RECORDS FOR THIS TASK section start
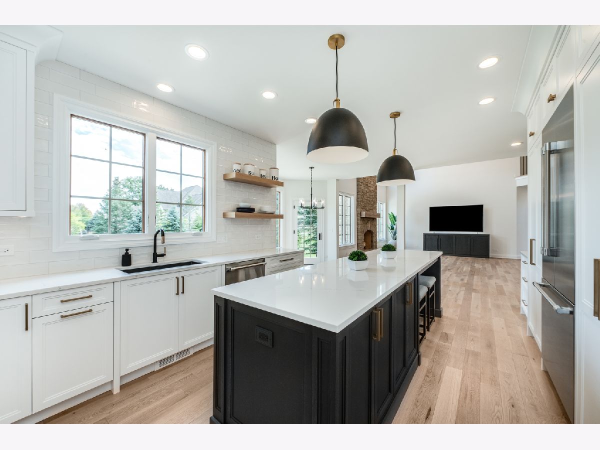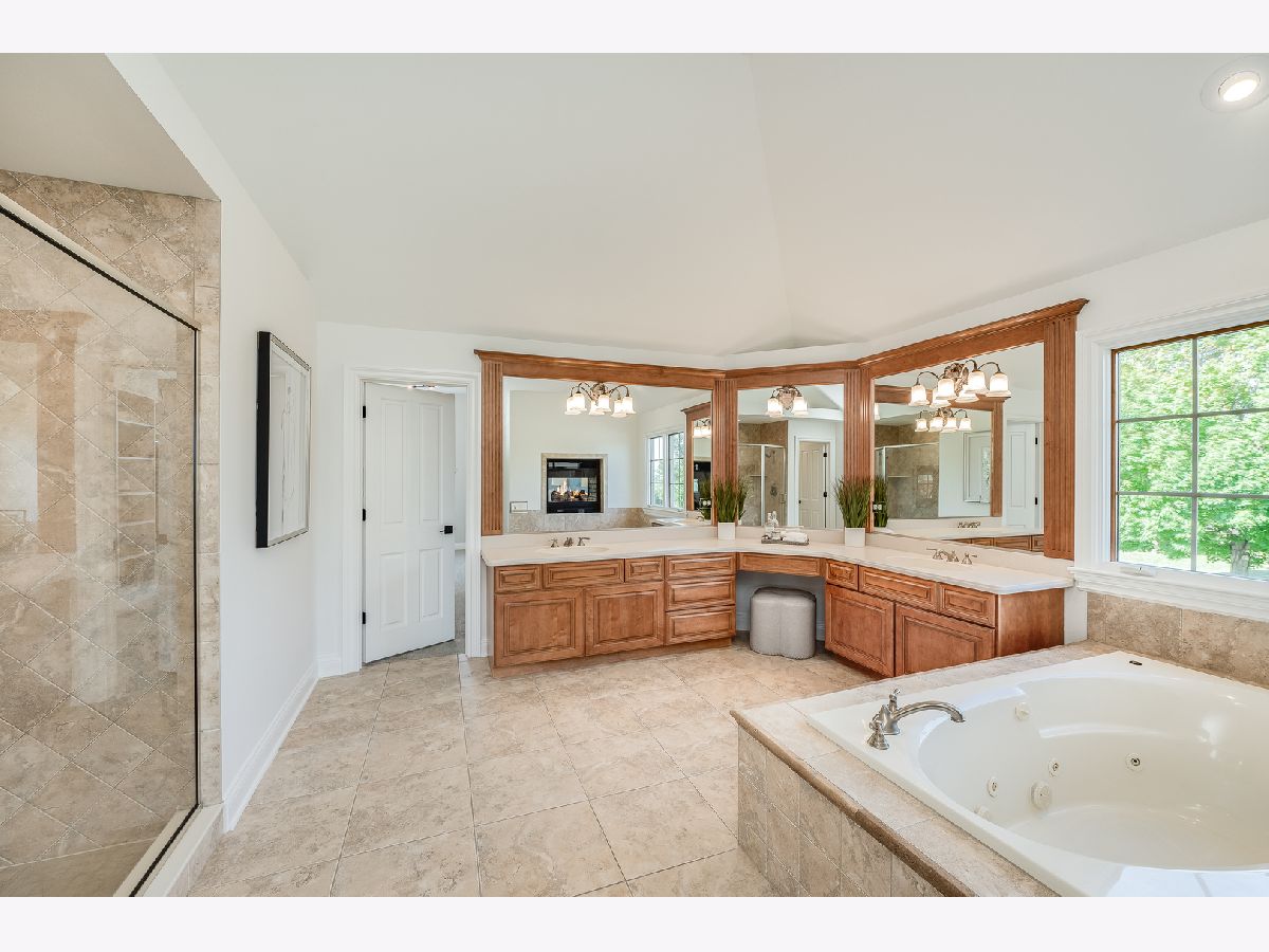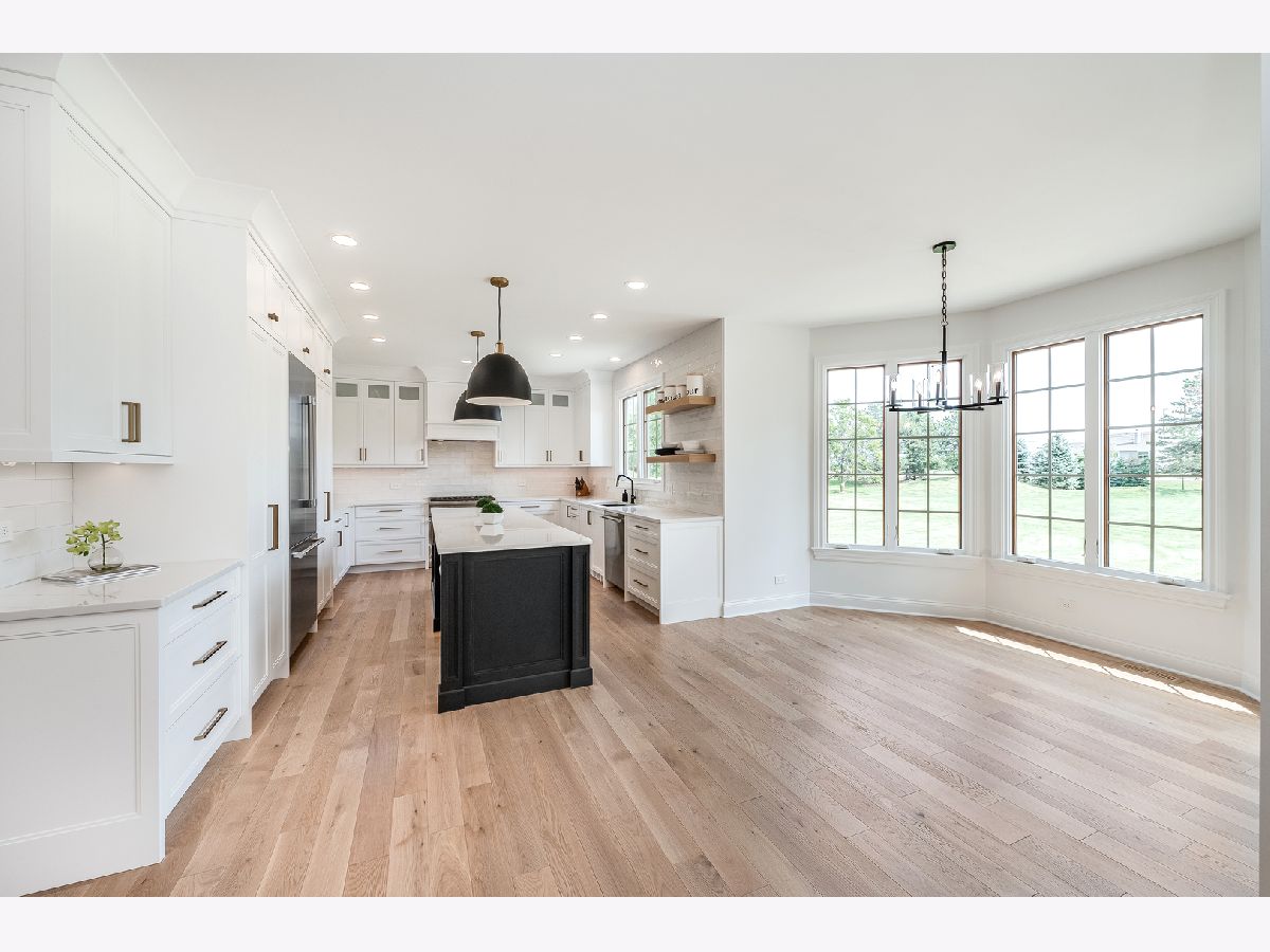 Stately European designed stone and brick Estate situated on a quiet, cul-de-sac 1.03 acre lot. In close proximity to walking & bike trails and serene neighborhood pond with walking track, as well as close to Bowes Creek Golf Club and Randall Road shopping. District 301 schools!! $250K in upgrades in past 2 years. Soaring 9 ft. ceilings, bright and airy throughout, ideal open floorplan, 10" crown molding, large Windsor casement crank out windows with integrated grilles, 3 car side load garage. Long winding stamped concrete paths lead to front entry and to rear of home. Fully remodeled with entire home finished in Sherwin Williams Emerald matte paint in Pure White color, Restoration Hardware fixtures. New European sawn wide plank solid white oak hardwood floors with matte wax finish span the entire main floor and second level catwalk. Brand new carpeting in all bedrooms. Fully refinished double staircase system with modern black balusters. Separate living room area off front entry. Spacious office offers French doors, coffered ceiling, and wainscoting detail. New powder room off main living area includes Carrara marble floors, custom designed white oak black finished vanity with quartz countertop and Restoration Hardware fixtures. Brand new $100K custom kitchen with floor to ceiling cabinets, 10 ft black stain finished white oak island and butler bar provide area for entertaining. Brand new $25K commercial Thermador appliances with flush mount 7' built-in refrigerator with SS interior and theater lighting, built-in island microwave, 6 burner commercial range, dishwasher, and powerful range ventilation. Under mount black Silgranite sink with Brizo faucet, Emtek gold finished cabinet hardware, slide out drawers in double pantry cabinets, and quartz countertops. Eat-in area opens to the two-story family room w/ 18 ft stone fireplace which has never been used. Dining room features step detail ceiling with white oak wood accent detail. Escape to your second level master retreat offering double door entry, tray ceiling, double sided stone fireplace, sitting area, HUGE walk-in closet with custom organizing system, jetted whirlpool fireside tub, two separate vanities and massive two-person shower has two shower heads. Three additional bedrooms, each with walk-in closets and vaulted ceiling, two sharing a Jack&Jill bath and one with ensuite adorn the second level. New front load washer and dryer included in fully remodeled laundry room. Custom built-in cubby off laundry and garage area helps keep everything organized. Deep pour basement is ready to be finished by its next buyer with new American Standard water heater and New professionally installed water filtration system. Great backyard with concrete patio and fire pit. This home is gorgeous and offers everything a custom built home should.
RECORDS FOR THIS TASK section end
RECORDS FOR THIS TASK section start
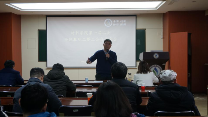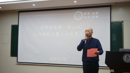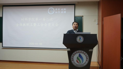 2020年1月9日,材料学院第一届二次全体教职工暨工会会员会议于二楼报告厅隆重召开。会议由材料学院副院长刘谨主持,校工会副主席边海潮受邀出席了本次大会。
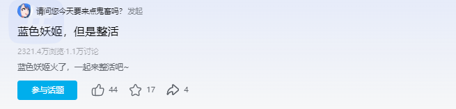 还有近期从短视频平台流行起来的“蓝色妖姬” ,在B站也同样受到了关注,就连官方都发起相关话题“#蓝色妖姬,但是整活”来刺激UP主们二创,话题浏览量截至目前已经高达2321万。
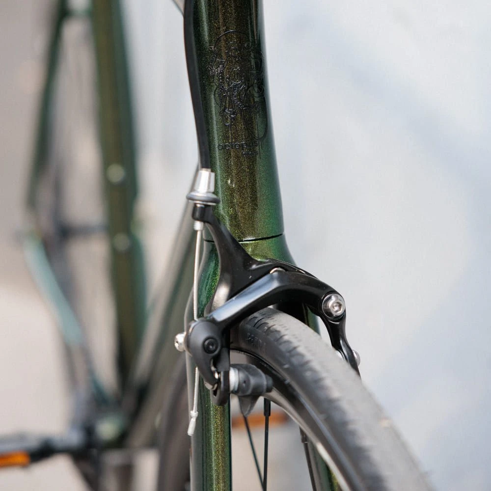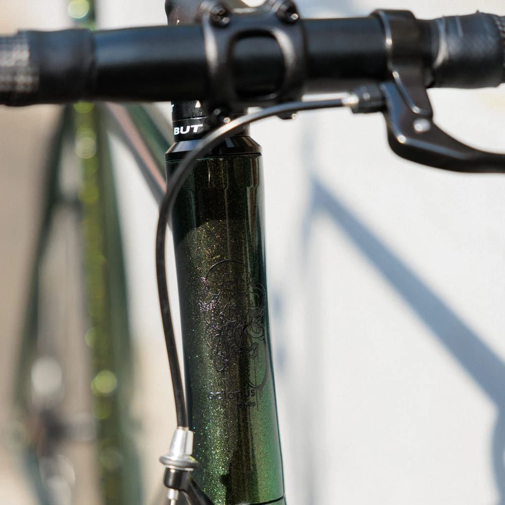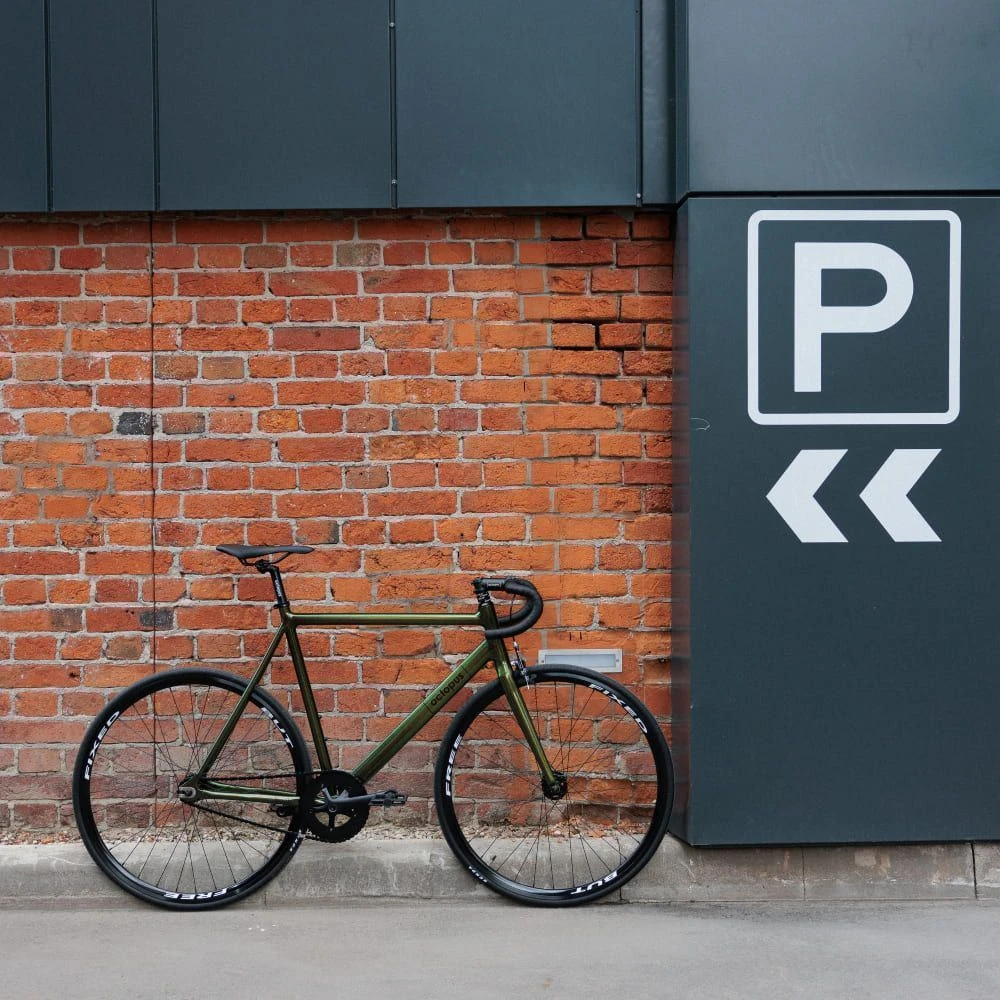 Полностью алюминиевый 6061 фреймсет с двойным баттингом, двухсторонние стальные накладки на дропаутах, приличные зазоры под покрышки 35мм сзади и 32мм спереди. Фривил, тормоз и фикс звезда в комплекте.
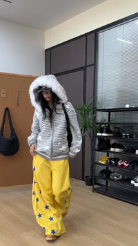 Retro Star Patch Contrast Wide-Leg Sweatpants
RECORDS FOR THIS TASK section end
# THE TASK:
From the entries above, copy exactly the lines starting at the one with "2020年1月9日,材料学院" and stopping at the one with "Retro Star Patch", keeping both ends. Drop the pictures.

# ANSWER TO THE EXERCISE:
 2020年1月9日,材料学院第一届二次全体教职工暨工会会员会议于二楼报告厅隆重召开。会议由材料学院副院长刘谨主持,校工会副主席边海潮受邀出席了本次大会。
 还有近期从短视频平台流行起来的“蓝色妖姬” ,在B站也同样受到了关注,就连官方都发起相关话题“#蓝色妖姬,但是整活”来刺激UP主们二创,话题浏览量截至目前已经高达2321万。
 Полностью алюминиевый 6061 фреймсет с двойным баттингом, двухсторонние стальные накладки на дропаутах, приличные зазоры под покрышки 35мм сзади и 32мм спереди. Фривил, тормоз и фикс звезда в комплекте.
 Retro Star Patch Contrast Wide-Leg Sweatpants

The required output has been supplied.